Run inference via chat completions with the llama-stack Python SDK.

In [1]:
# Imports
import os
import sys

from llama_stack_client import LlamaStackClient

## Setup

In [2]:
# Create HTTP client
client = LlamaStackClient(base_url=f"http://localhost:{os.environ['LLAMA_STACK_PORT']}")

In [3]:
# List available models
models = client.models.list()
print("--- Available models: ---")
for m in models:
    print(f"- {m.identifier}")
print()

--- Available models: ---
- sambanova/Meta-Llama-3.1-8B-Instruct
- meta-llama/Llama-3.1-8B-Instruct
- sambanova/Meta-Llama-3.1-70B-Instruct
- meta-llama/Llama-3.1-70B-Instruct
- sambanova/Meta-Llama-3.1-405B-Instruct
- meta-llama/Llama-3.1-405B-Instruct-FP8
- sambanova/Meta-Llama-3.2-1B-Instruct
- meta-llama/Llama-3.2-1B-Instruct
- sambanova/Meta-Llama-3.2-3B-Instruct
- meta-llama/Llama-3.2-3B-Instruct
- sambanova/Meta-Llama-3.3-70B-Instruct
- meta-llama/Llama-3.3-70B-Instruct
- sambanova/Llama-3.2-11B-Vision-Instruct
- meta-llama/Llama-3.2-11B-Vision-Instruct
- sambanova/Llama-3.2-90B-Vision-Instruct
- meta-llama/Llama-3.2-90B-Vision-Instruct
- sambanova/Meta-Llama-Guard-3-8B
- meta-llama/Llama-Guard-3-8B
- all-MiniLM-L6-v2



In [4]:
# Choose an inference model from the previous list
model = "sambanova/Meta-Llama-3.3-70B-Instruct"

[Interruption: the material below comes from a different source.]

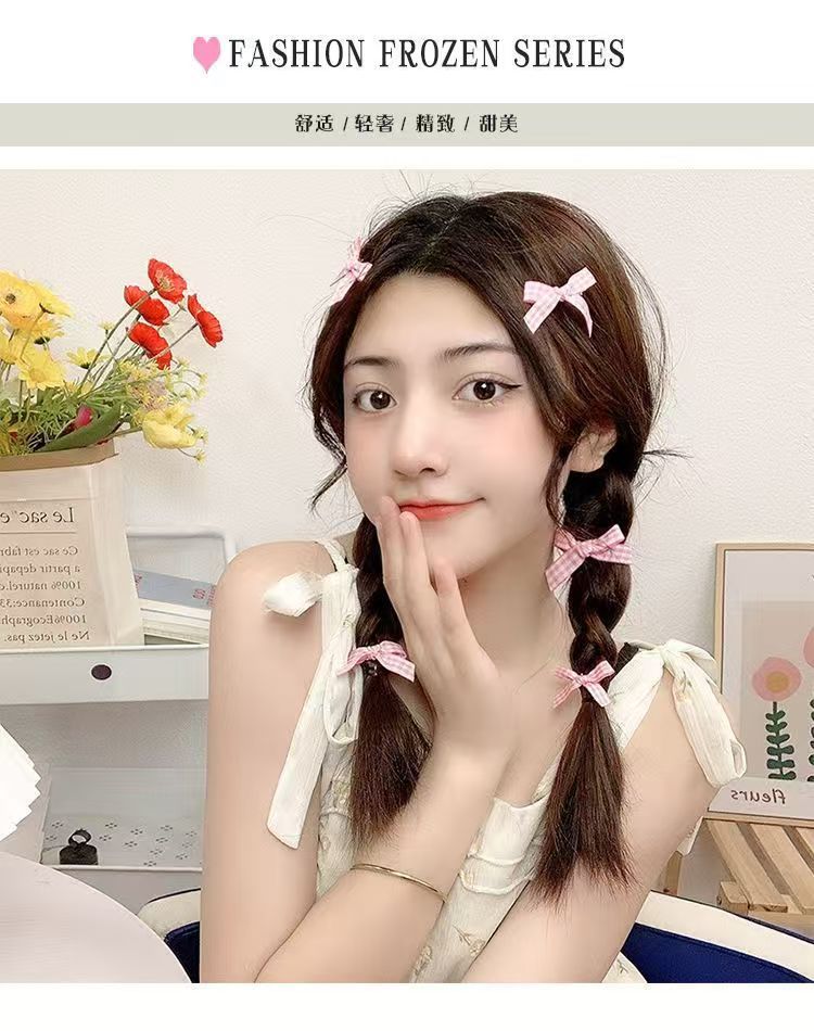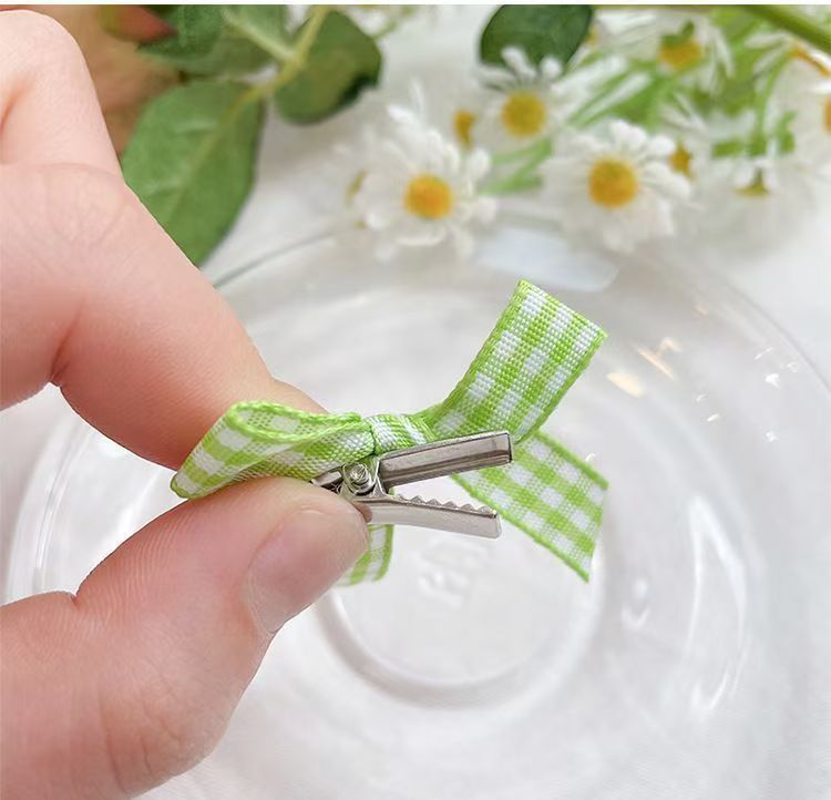 격자 무늬 소녀의 작은 투명한 리본 머리핀, 달콤한 더블 포니테일 덕빌 클립, 고급 기질의 사이드 머리핀
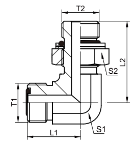 90°弯公制外螺纹O型圈平面密封/公制外螺纹可调向柱端重系列 ISO 6149-2

## Create a Chat Completion Request
Use the ``chat_completion function to define the conversation context. Each message you include should have a specific role and content:

In [5]:
response = client.inference.chat_completion(
    messages=[
        {"role": "system", "content": "You are a friendly assistant."},
        {"role": "user", "content": "Write a two-sentence poem about llama."},
    ],
    model_id=model,
)

print(response.completion_message.content)


With gentle eyes and a soft, fuzzy face, the llama roams the Andes with a peaceful, gentle pace. Its long neck bends as it grazes with glee, a symbol of serenity in a world wild and free.


## Conversation Loop
To create a continuous conversation loop, where users can input multiple messages in a session, use the following structure. This example runs an asynchronous loop, ending when the user types 'exit,' 'quit,' or 'bye.'

In [6]:
import asyncio
from llama_stack_client import LlamaStackClient
from termcolor import cprint

async def chat_loop():
    while True:
        user_input = input("User> ")
        if user_input.lower() in ["exit", "quit", "bye"]:
            cprint("Ending conversation. Goodbye!", "yellow")
            break

        message = {"role": "user", "content": user_input}
        response = client.inference.chat_completion(messages=[message], model_id=model)
        cprint(f"> Response: {response.completion_message.content}", "cyan")


# Run the chat loop in a Jupyter Notebook cell using await
await chat_loop()
# To run it in a python file, use this line instead
# asyncio.run(chat_loop())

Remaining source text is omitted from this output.